## THE TASK
For this exercise, print the listing below exactly, without its pictures.

[Opening DATA BELOW section]

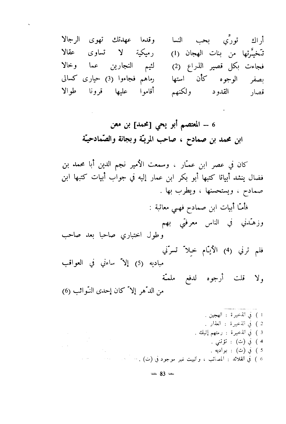 صاحب المريّة وبجانة والصّمادحيّة كان في عصر ابن عمار، وسمعت الأمير نجم الدين أبا محمد بن فضال ينشد أبياتاً كتبها أبو بكر بن عمار إليه في جواب أبيات كتبها ابن صمادح، ويستحسنها، ويطرب بها.
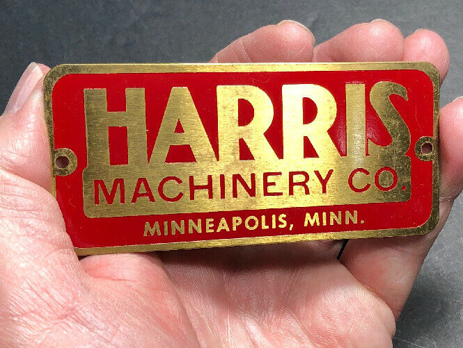 Harris Machinery Brass Advertising Nameplate Tag Mini Sign Minneapolis Minn
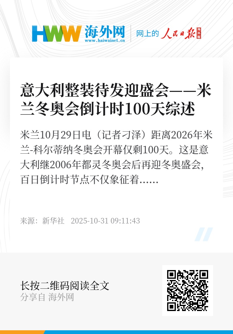 新华社米兰10月29日电(记者刁泽)距离2026年米兰-科尔蒂纳冬奥会开幕仅剩100天。这是意大利继2006年都灵冬奥会后再迎冬奥盛会,百日倒计时节点不仅象征着筹备工作进入冲刺阶段,也唤起了意大利社会各界对“冰雪之约”的热切期盼。

[Closing DATA BELOW section]

## ANSWER BELOW
 صاحب المريّة وبجانة والصّمادحيّة كان في عصر ابن عمار، وسمعت الأمير نجم الدين أبا محمد بن فضال ينشد أبياتاً كتبها أبو بكر بن عمار إليه في جواب أبيات كتبها ابن صمادح، ويستحسنها، ويطرب بها.
 Harris Machinery Brass Advertising Nameplate Tag Mini Sign Minneapolis Minn
 新华社米兰10月29日电(记者刁泽)距离2026年米兰-科尔蒂纳冬奥会开幕仅剩100天。这是意大利继2006年都灵冬奥会后再迎冬奥盛会,百日倒计时节点不仅象征着筹备工作进入冲刺阶段,也唤起了意大利社会各界对“冰雪之约”的热切期盼。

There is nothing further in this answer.